Ребята хмыкнули каждый себе под нос, но громче смеяться над Сашкой не посмели, – видно, из уважения к воспитателю.
– Извините, Трофим Денисович, – сказал Брызгин, покраснев до ушей. – Правила внутреннего распорядка ему объясняли, но… но это такой ухарь из бродячего цирка… Никого не желает признавать.
– Не балагурь, – строго сказал воспитатель Брызгину, взглянул на Сашку своими карими острыми глазами и молча пошел дальше.
И сразу о Сашке будто все забыли. Это его взорвало:
«Плохой воспитатель! Даже не выругал за непорядки. Не сказал мне ни одного слова. Никакого внимания. Да лучше хоть ударил бы»…
Но о нем, оказывается, вспомнили: прибежал запыхавшийся и злой коротконогий Брызгин, накричал:
– Ты что позоришь весь наш отряд? Мы соревнуемся!.. Надо уже начинать уборку помещения, идти на зарядку, потом на завтрак, а ты все копаешься, как старуха.
– Убирайся! – огрызнулся Сашка. – И без тебя тошно…
Его направили в школу – учиться и в слесарно-механический цех мебельной фабрики – работать после уроков.

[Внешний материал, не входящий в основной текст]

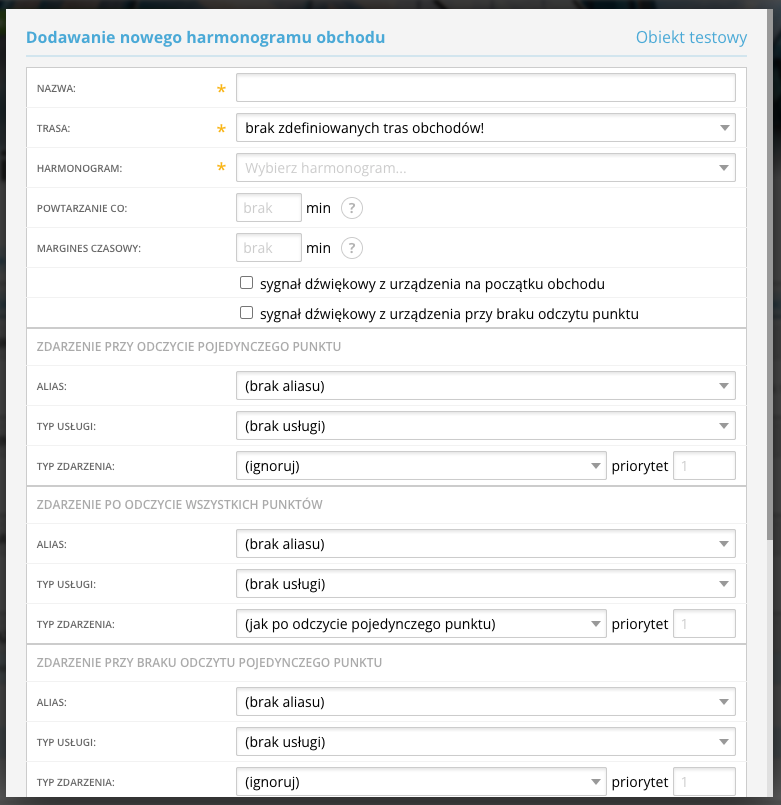 Następnie wyświetlony zostanie formularz dodawania nowego harmonogramu obchodu

В школе Сашка сразу же решил показать себя перед ребятами смелым и независимым. Когда бродяжничал, ему казалось, что именно таких и побаиваются, даже выбирают вожаками. Не прочь он и здесь верховодить. Для начала никакой особой выходки он не придумал. Только когда вошла в класс учительница Лидия Власьевна и все уселись за парты, он ловко запустил бумажный самолетик. Белая птичка пролетела над головами и, закружившись штопором, упала у двери. Лидия Власьевна, сидя за столиком, сделала вид, что ничего не заметила. Она встала, пригладила седеющие волосы, окинула взглядом класс и в упор посмотрела на новичка.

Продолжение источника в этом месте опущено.